Howard Wesley is this year’s winner of the Tribune’s NHL Hockey Pool, something he’s been participating in for at least a decade but had never won before now. (Monica Lamb-Yorski photo - Williams Lake Tribune)

Howard Wesley is this year’s winner of the Tribune’s NHL Hockey Pool, something he’s been participating in for at least a decade but had never won before now. (Monica Lamb-Yorski photo - Williams Lake Tribune)

Cariboo Lake retiree and avid hockey fan winner of Tribune NHL hockey pool

Howard Wesley retired to the Cariboo in 2005 for serenity

Ten times was a charm for this year’s Tribune’s 2019-2020 NHL hockey pool winner.

Howard Wesley said after participating for about a decade he finally won.

He and his late wife, Janis, who passed away last summer, would normally enter the pool a few times.

“If you look back there were even dog names for some of our entries. We just paid $10 a pop.”

While he was not willing to divulge the players he picked and entered for his win, he suggested everyone has favourite players.

“You usually go with a few Canucks if you are a Canucks fan or Edmonton, or whoever your favourite team is and who you think’s going to do what. A lot of guys go with Crosby, McDavid and guys like that.”

Chuckling he added, “it’s just about knowledge and a lot of fun.”

In the dead of winter, when the snow is flying, it gives him something to do — keep track of his point total.

A Vancouver Canucks fan, he said one of his favourite players is Elias Pettersson, ‘the new guy.’

Wesley has some of the original Canucks magazines.

“I’ve got one with Orland Kurtenbach, the first manager, on the cover,” Wesley recalled, noting he also has the original receipts for seasons tickets in 1970 and 1971.

When asked if he’s always been a Canucks fun, he nodded ‘yes,’ and said the last thing he’d be is a Toronto Maple Leafs fan.

As a boy he and his dad were Montreal Canadiens fans because his dad, who was an iron worker, met a ‘young guy’ at work named John Ferguson.

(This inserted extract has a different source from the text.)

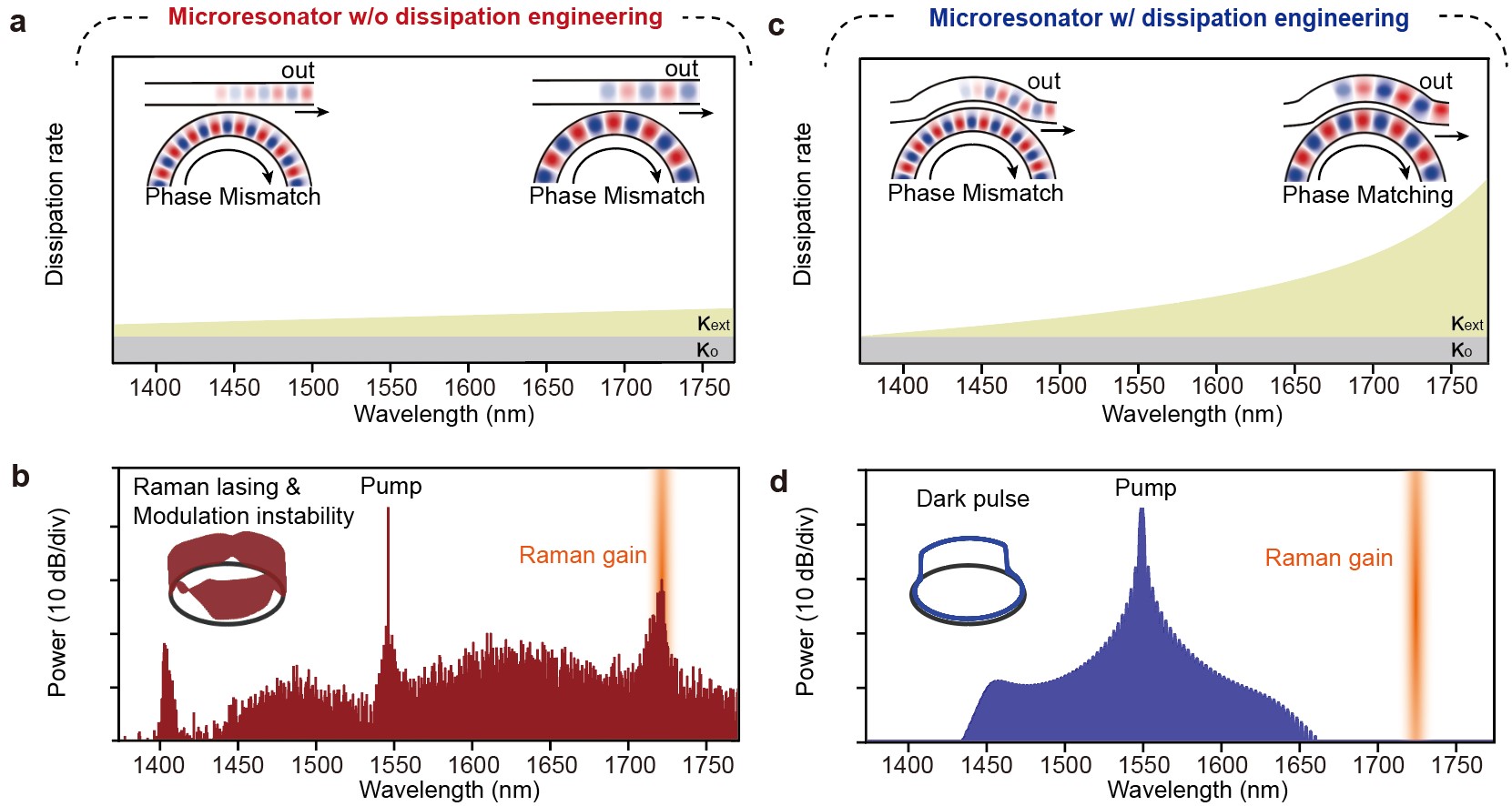 然而,薄膜铌酸锂中的拉曼增益长期以来一直是暗脉冲微梳生成的关键挑战。拉曼增益会通过光场与晶格振动的耦合,引发微腔内的寄生能量转移,破坏暗孤子的锁模稳定性,导致系统从锁模的暗脉冲微梳状态退化为不锁模的拉曼克尔梳状态。针对这一难题,研究团队提出了一种基于耗散调控的创新策略。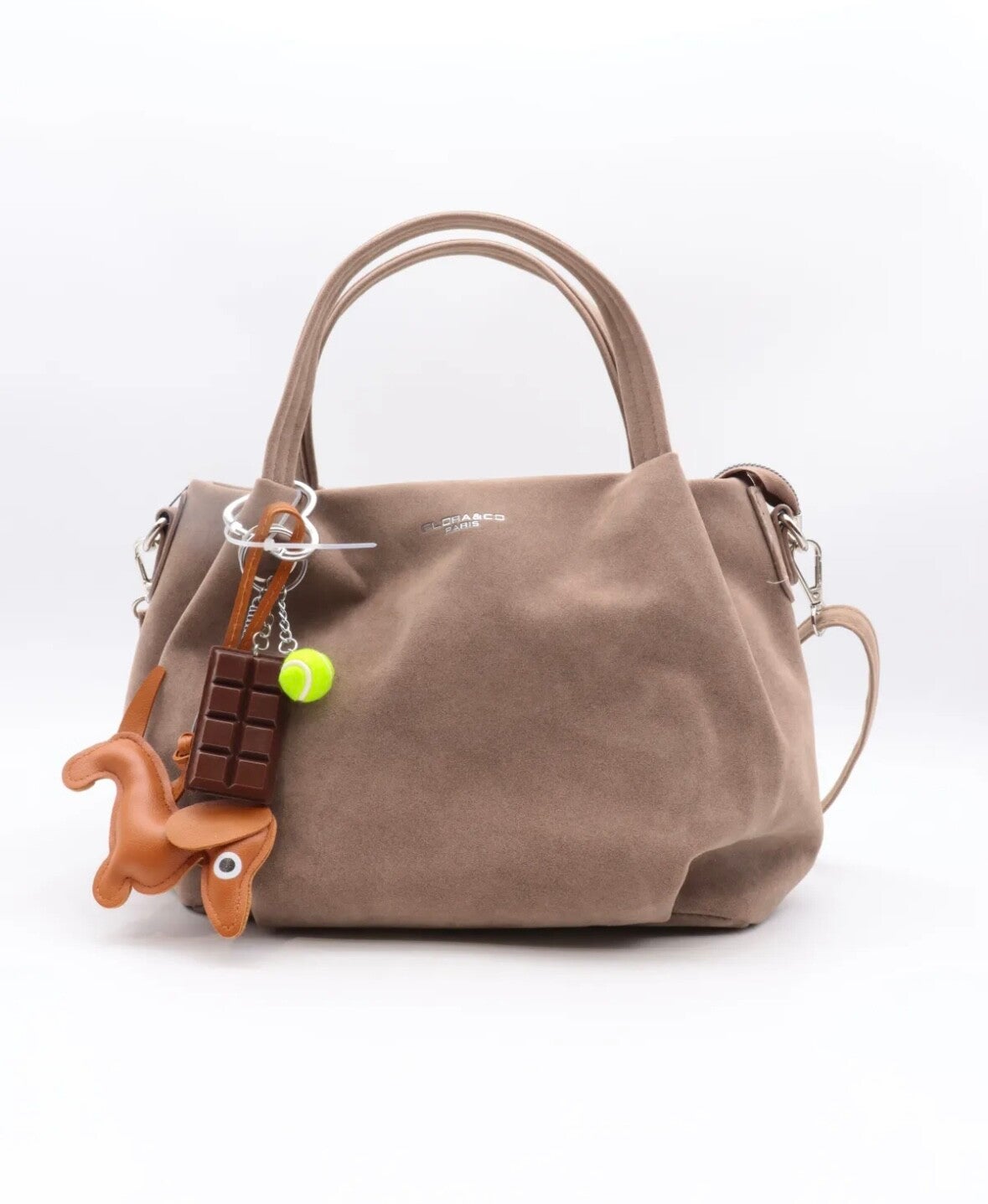 effet suédine souple et spacieux. Bandoulière amovible pour un porté épaule ou croisé. Orné de pompons et porte-clés décoratifs Intérieur doublé avec compartiments zippés pratiques.

“Ferguson would get a train ticket to go play for the Melville Millionaires and dad would come home and tell me about this kid. He ended up making it to play for Montreal for 10 years. He was a real nice guy. He was vicious on the ice, but was a real nice guy.”

Once the Vancouver Canucks joined the league he and his dad became fans.

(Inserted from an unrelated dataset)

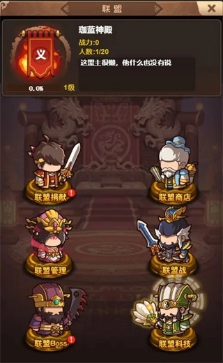 联盟共有六大功能,分别是联盟捐献、联盟商店、联盟管理、联盟战、联盟boss和联盟科技。其中联盟商店和联盟管理这两项,我们先不展开讲解。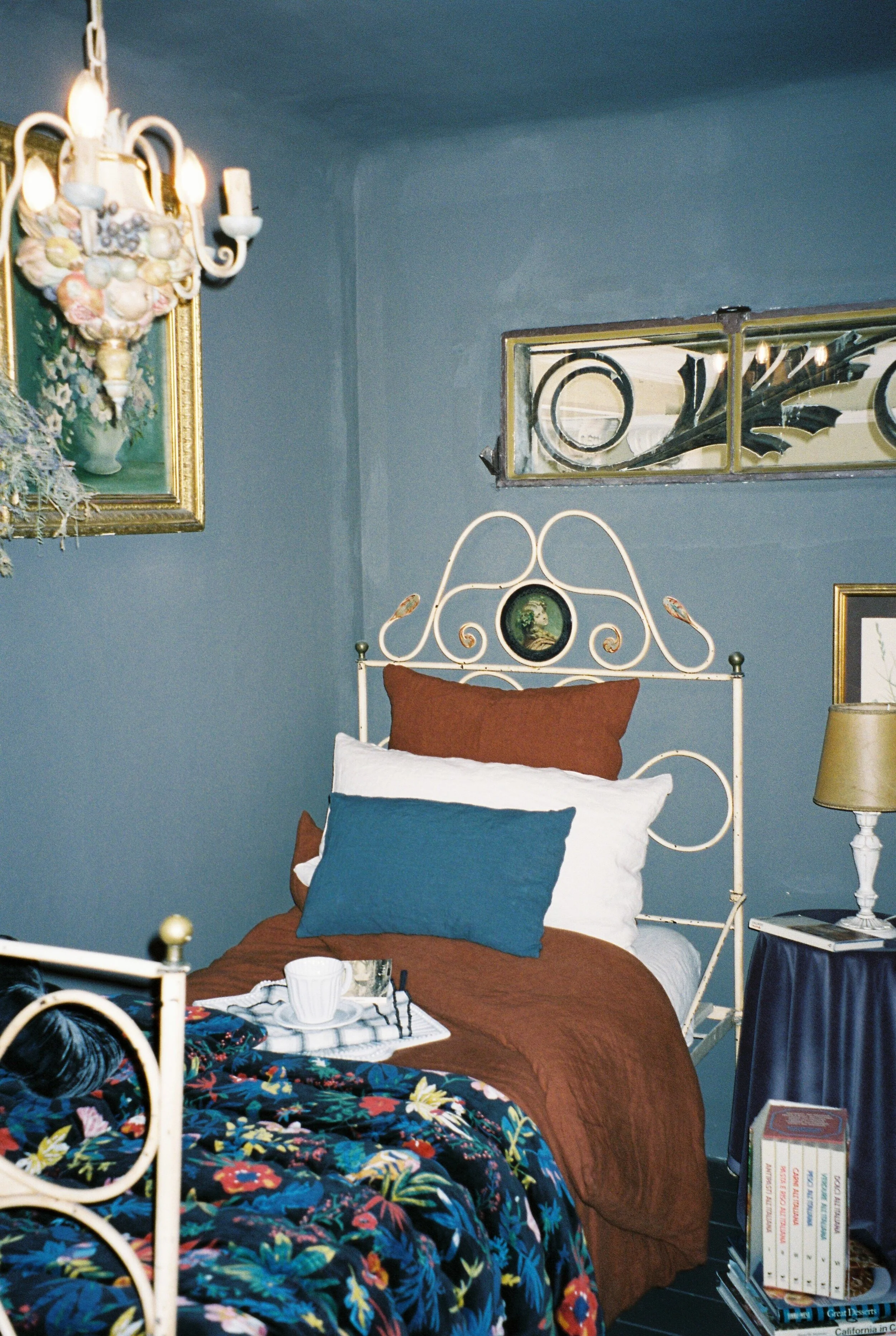 On the upper floor, a single bed was set up in front of a non working fireplace, with patchwork quilts coming from India and Venetian linen sheets. Antique chandeliers were hanging from the high ceiling and a bunch of dried bouquets from the Italian Alps.

Growing up he never played hockey — Vancouver only had three ice surfaces in those days.

He loved skating and did it three or four times a week at the old forum where they built the coliseum.

“I skated right up into my teens, but there was no place to play hockey.”

Retired, Wesley moved to Cariboo Lake, 30 kilometres north of Likely with his late wife Janis in 2005.

He was delivering concrete to a construction site when he met a guy who grew up on Cariboo Lake.

“My wife and I had been making our way north in a Bigfoot camper and it was December and I told her to look up something around Williams Lake on Remax,” he recalled. “We wanted serenity and to get out of the rat race.”

Today he lives in the five-bedroom house on 20 acres, he bought from a German man.

It had been owned by Karl Welti until 1991 who sold it to a German couple the Wesleys bought from in 2005.

“When Karl bought it, the previous owner had a trap line and a guiding licence and four cabins up the Cariboo River coming from the Bowron Lakes,” Wesley said, adding Karl Welti is a very well respected man who lives at Little Lake.

Eventually Wesley purchased an additional adjacent property.

“We called it Yanks Peak Resort Incorporated.”

He loves the area, he said.

“There are lots of trails, you can go up the mountain and you can go all the way up to Barkerville if you want.”

He has two sons living in Salmon Arm and a daughter in Chimney Valley who followed him to the Cariboo.